Data segmentation and word cloud generation

  let's talk about the idea. My data processing here is relatively rough. Without the combination of pandas+numpy, I will simply cut the line breaks and form new data. Then I will use the jieba segmentation to segment the new data. Finally, I will read a local pause word file to get a pause word list. Generate word cloud to specify pause word, font file, background color, etc., and then save word cloud image to local.
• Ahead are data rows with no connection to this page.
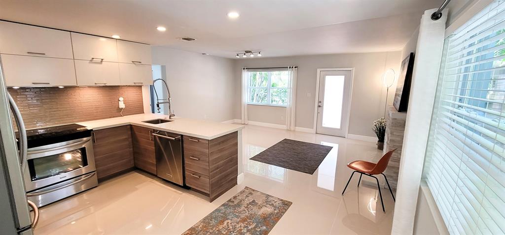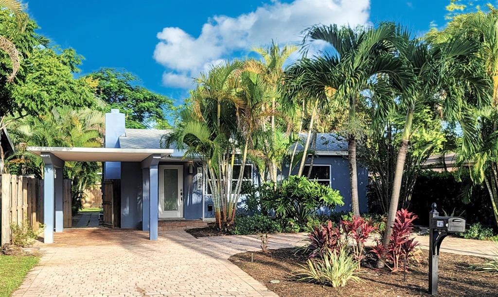 Welcome to Bungalow Blue! Hot South Middle River/Progresso location. Wilton Drive entertainment just blocks away & Fort Lauderdale Beach minutes from the door. This Midcentury gem is the turnkey primary or vacation/income property you've been looking for! Open concept living/dining, 2/1 w/bonus rear sunroom/office/den/guest space. Private, fully fenced and gated back yard with room for a large pool. Garden views from every room. 24X24 porcelain floors throughout. All impact windows & doors, modern lux kitchen w/stainless appliances, frosted glass interior doors, custom closets, laundry/storage, covered patio and carport, circular driveway, lush, mature tropical landscaping and a well-fed sprinkler system. Total interior reno in 2016, all new HVAC 2017 & new roof 2018. Owner/Agent.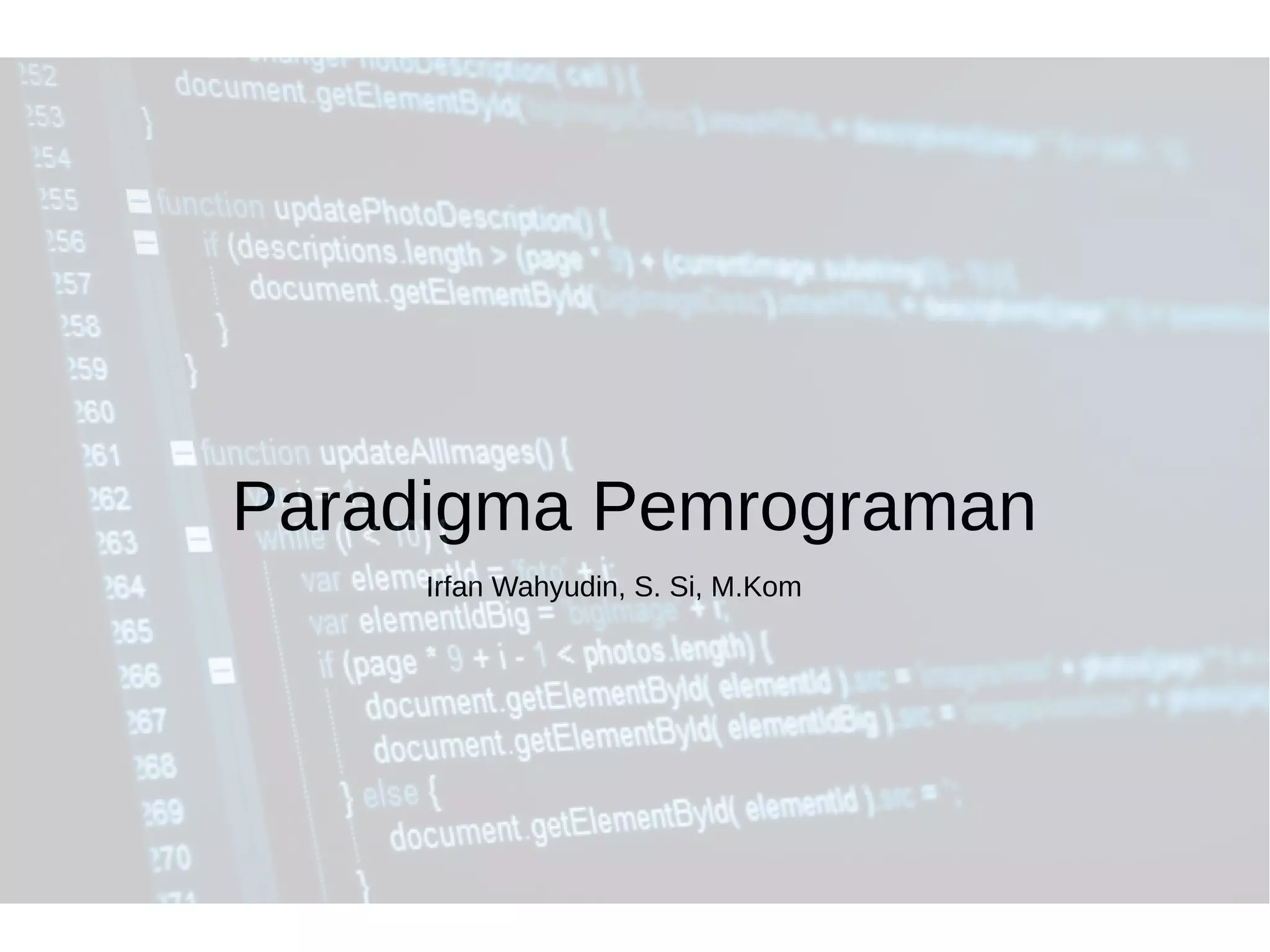 Dokumen ini membahas berbagai paradigma pemrograman, termasuk pemrograman terstruktur dan pemrograman berorientasi objek, serta pentingnya menghindari penggunaan pernyataan goto untuk mencegah 'spaghetti code'. Paradigma pemrograman terstruktur memudahkan pengujian, pemahaman, dan pemeliharaan, sementara pemrograman berorientasi objek menekankan pada abstraksi dan manipulasi atribut objek. Konsep-konsep utama dalam OOP meliputi enkapsulasi, pewarisan, dan polymorphism.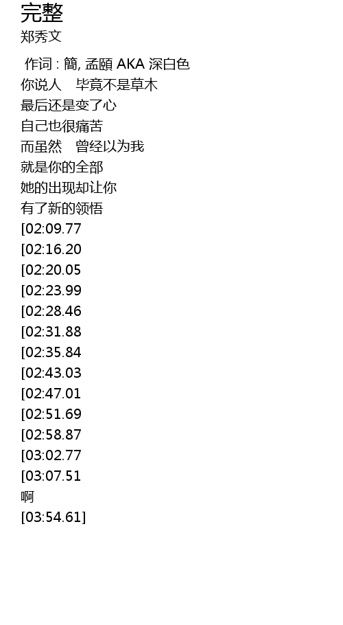 | [01:04.02][02:43.03][03:18.76] | 你们的幸福很完整 |

from wordcloud import WordCloud
from scipy.misc import imread
import jieba

# Process content read from text
def text_read(file_path):
    filename = open(file_path, 'r', encoding='utf-8')
    texts = filename.read()
    texts_split = texts.split("\n")
    filename.close()

    return texts_split

def data_handle(picture_name):
    # Read data crawled from the website
    comments = text_read("comments.txt")
    comments = "".join(comments)

    # Participle, read pause words
    lcut = jieba.lcut(comments)
    cut_text = "/".join(lcut)
    stopwords = text_read("chineseStopWords.txt")

    # Generate word cloud
    bmask = imread("backgrounds.jpg")
    wordcloud = WordCloud(font_path='/usr/share/fonts/chinese/simhei.ttf', mask=bmask, background_color='white', max_font_size=250, width=1300, height=800, stopwords=stopwords)
    wordcloud.generate(cut_text)
    wordcloud.to_file(picture_name)

if __name__ == "__main__":
    data_handle("joker6.jpg")

This is a picture I snapped myself as the background:

Final rendering:

summary

  it took about two nights to write crawlers to analyze data, to have ideas and to sort out the tools needed. On the whole, there are still some simple and easy to understand things. For large-scale concurrent collection of reptiles and data analysis and other contents, it is still interesting to record their own learning process.